Department of Molecular Pharmacology and Experimental Therapeutics (Windland Smith Rice Sudden Death Genomics Laboratory). Department of Cardiovascular Medicine, Division of Heart Rhythm Services (Windland Smith Rice Genetic Heart Rhythm Clinic). Department of Pediatric and Adolescent Medicine, Division of Pediatric Cardiology, Mayo Clinic.
Circ Genom Precis Med. 2024 Oct;17(5):e004584. doi: 10.1161/CIRCGEN.124.004584. Epub 2024 Aug 9.
Genetic testing for cardiac channelopathies is the standard of care. However, many rare genetic variants remain classified as variants of uncertain significance (VUS) due to lack of epidemiological and functional data. Whether deep protein language models may aid in VUS resolution remains unknown. Here, we set out to compare how 2 deep protein language models perform at VUS resolution in the 3 most common long-QT syndrome-causative genes compared with the gold-standard patch clamp.
A total of 72 rare nonsynonymous VUS (9 19 , and 50 ) were engineered by site-directed mutagenesis and expressed in either HEK293 cells or TSA201 cells. Whole-cell patch-clamp technique was used to functionally characterize these variants. The protein language models, evolutionary scale modeling, version 1b and AlphaMissense, were used to predict the variant effect of missense variants and compared with patch clamp.

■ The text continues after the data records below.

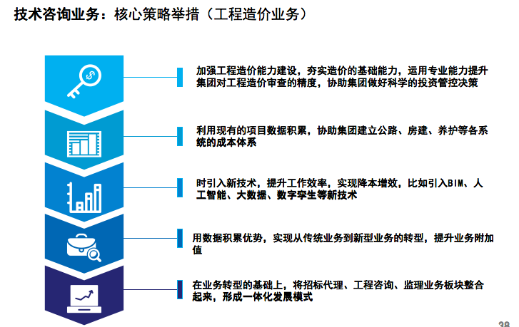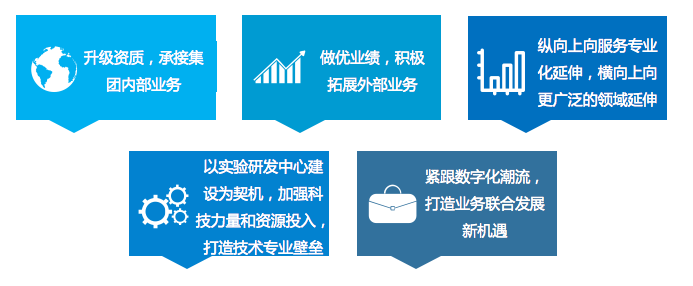 項(xiàng)目組通過對試驗(yàn)檢測、工程咨詢、工程監(jiān)理、檔案管理四大業(yè)務(wù)領(lǐng)域深入分析和研究,結(jié)合工程咨詢業(yè)務(wù)現(xiàn)狀及集團(tuán)內(nèi)部資源狀況,對各項(xiàng)業(yè)務(wù)提出明確的功能定位、發(fā)展目標(biāo)及發(fā)展路徑,解決公司各項(xiàng)業(yè)務(wù)的總體定位和布局,以及“十四五”未來2年的增長路徑。
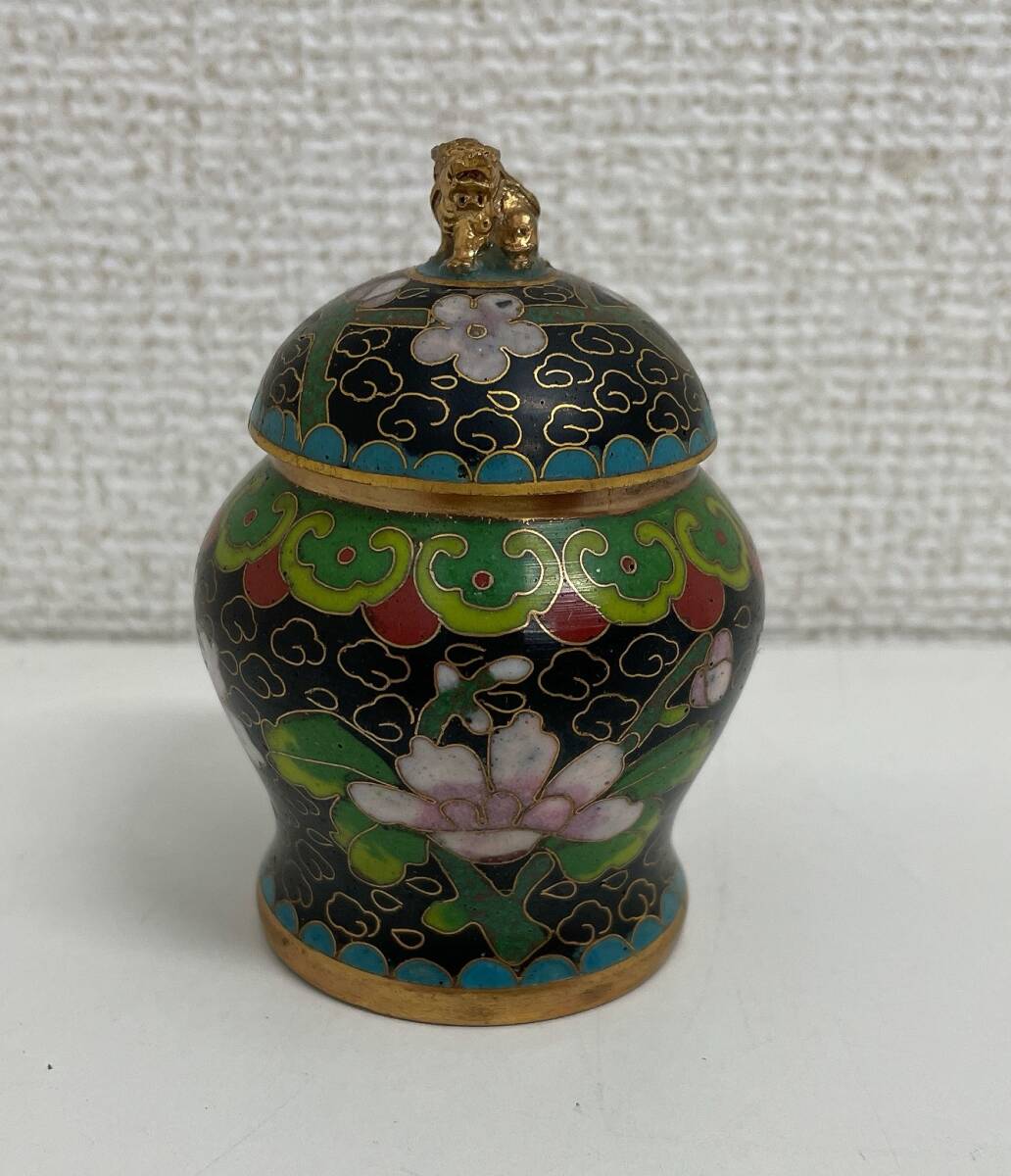- 【時代 中国七宝 獅子摘 飾り壺】高さ7cm/沈香壺/七宝焼き/唐物 中国古玩 中国美術/A74-232
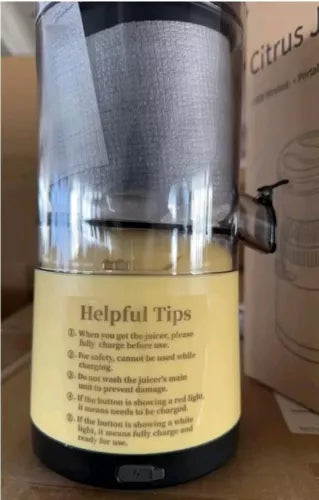 The juicer has a button controller type, with a maximum power of 45 watts and a capacity of 0.6 liters. It is hand-free to get juice, making it easy to use and the machine is also easy to clean. The item model number is JUICER005 and it is dishwasher safe. This juicer is perfect for those who love citrus fruits and want to enjoy freshly squeezed juice wherever they go.
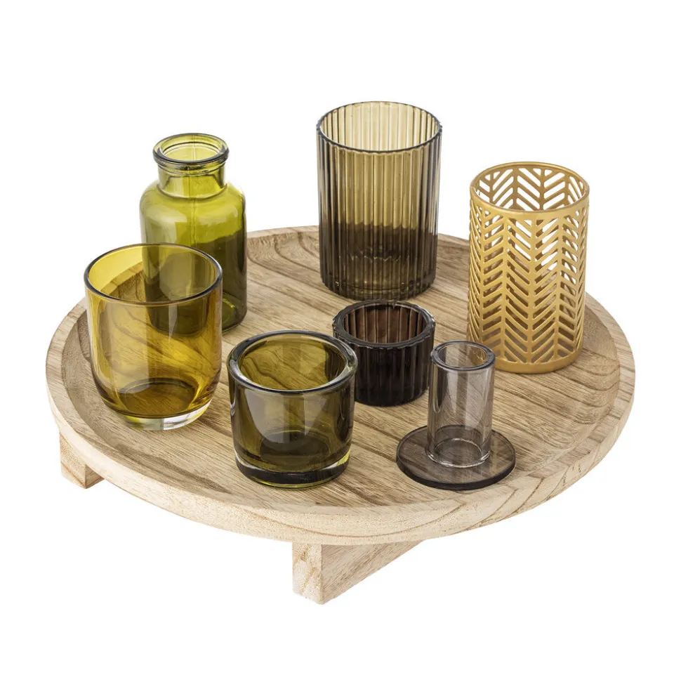 Sanga Tablett mit Teelichthaltern, Natur, Glas von Bloomingville aus Dänemark. Das Tablett Sanga mit Kerzenhalter von Bloomingville ist eine wunderschöne und elegante Dekoration. Sie enthält ein rundes Tablett auf Füßen aus Paulownia-Holz und sieben kleine Kerzenhalter, die Sie für Deko oder Kerzen nutzen können, um eine gemütliche Atmosphäre zu schaffen.
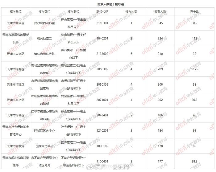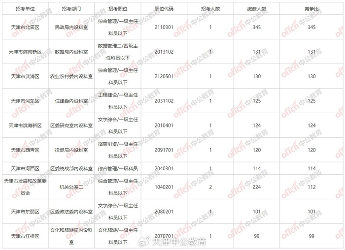 截至11月11日14时,竞争比例较高的职位为天津市北辰区-民政局内设科室-综合管理/一级主任科员以下一职,招录1人,截止到11月11日14时缴费人数为345人。
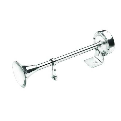 Elektrisches Schiffhorn. Gefertigt aus rostfreiem Edelstahl. In 12 Volt als Einzelhorn mit hohem oder tiefem Ton oder Doppelhorn lieferbar.
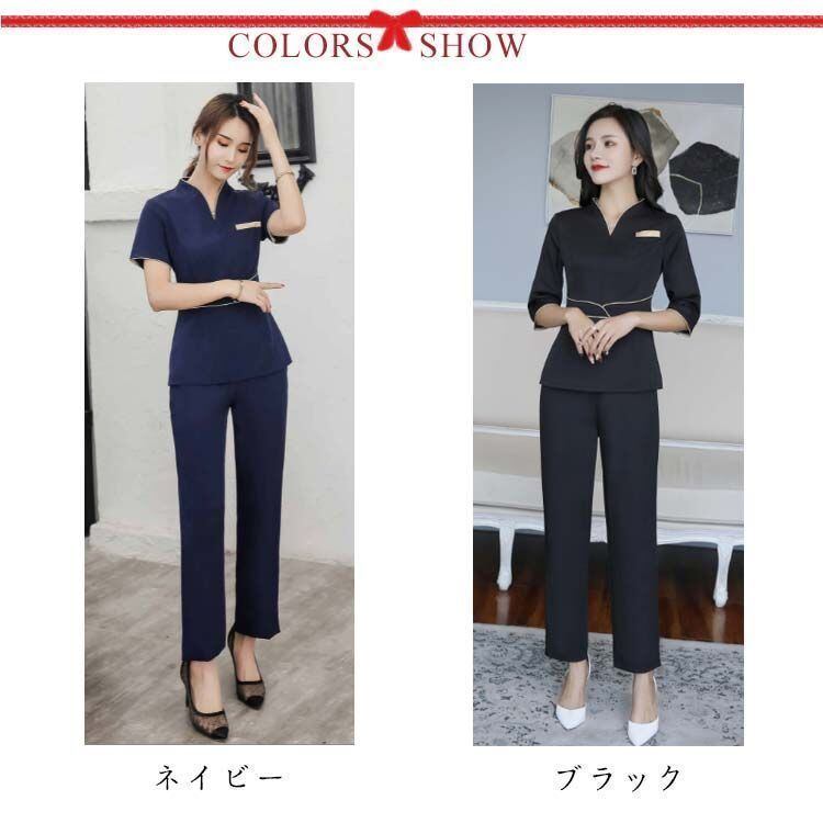 新品 エステ ユニフォーム 半袖 ジャケット ストレッチ パンツ 上下セット エステ サロン 美容 歯科 クリニック 受付 制服 セットアップ レディース 女性用 作業着 2点セット エステティシャンウエア kkkhuc | オキナ商店
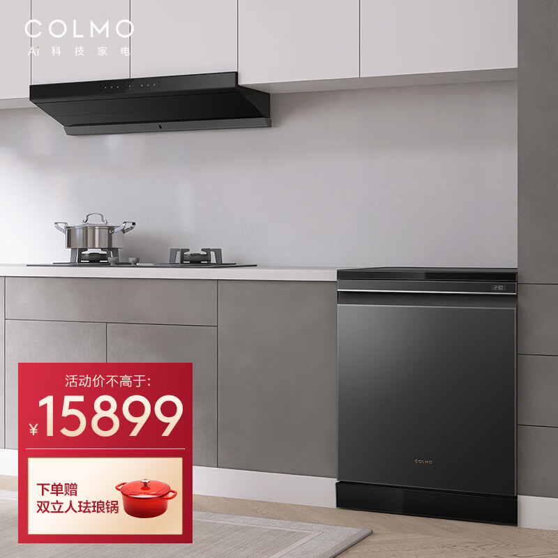 COLMO 厨房烟 灶洗三件套 15套独嵌两用洗碗机 28大风量 5.2kW火力 高温蒸汽洗烟灶套装G05+S68MAX+EF2 价格:15899.00元!

Considering variants in all 3 genes, the evolutionary scale modeling, version 1b model had a receiver operating characteristic curve-area under the curve of 0.75 (=0.0003). It had a sensitivity of 88% and a specificity of 50%. AlphaMissense performed well compared with patch-clamp with an receiver operating characteristic curve-area under the curve of 0.85 (<0.0001), sensitivity of 80%, and specificity of 76%.
Deep protein language models aid in VUS resolution with high sensitivity but lower specificity. Thus, these tools cannot fully replace functional characterization but can aid in reducing the number of variants that may require functional analysis.
心脏通道病的基因检测是标准的治疗方法。然而,由于缺乏流行病学和功能数据,许多罕见的遗传变异仍然被归类为意义不明的变异(VUS)。深度蛋白质语言模型是否有助于解决 VUS 仍然未知。在这里,我们着手比较 2 种深度蛋白质语言模型在与金标准膜片钳相比的 3 种最常见的长 QT 综合征致病基因中的 VUS 分辨率方面的表现。
通过定点诱变工程共设计了 72 种罕见的非同义 VUS(9 个、9 个和 50 个),并在 HEK293 细胞或 TSA201 细胞中表达。使用全细胞膜片钳技术对这些变体进行功能特征分析。使用蛋白质语言模型,进化尺度建模,版本 1b 和 AlphaMissense,预测错义变体的变体效应,并与膜片钳进行比较。
考虑到所有 3 个基因中的变体,进化尺度建模,版本 1b 模型的接受者操作特征曲线下面积为 0.75(=0.0003)。它的灵敏度为 88%,特异性为 50%。与膜片钳相比,AlphaMissense 的表现较好,接受者操作特征曲线下面积为 0.85(<0.0001),灵敏度为 80%,特异性为 76%。
深度蛋白质语言模型具有较高的灵敏度,但特异性较低,有助于解决 VUS。因此,这些工具不能完全替代功能特征分析,但可以帮助减少需要功能分析的变体数量。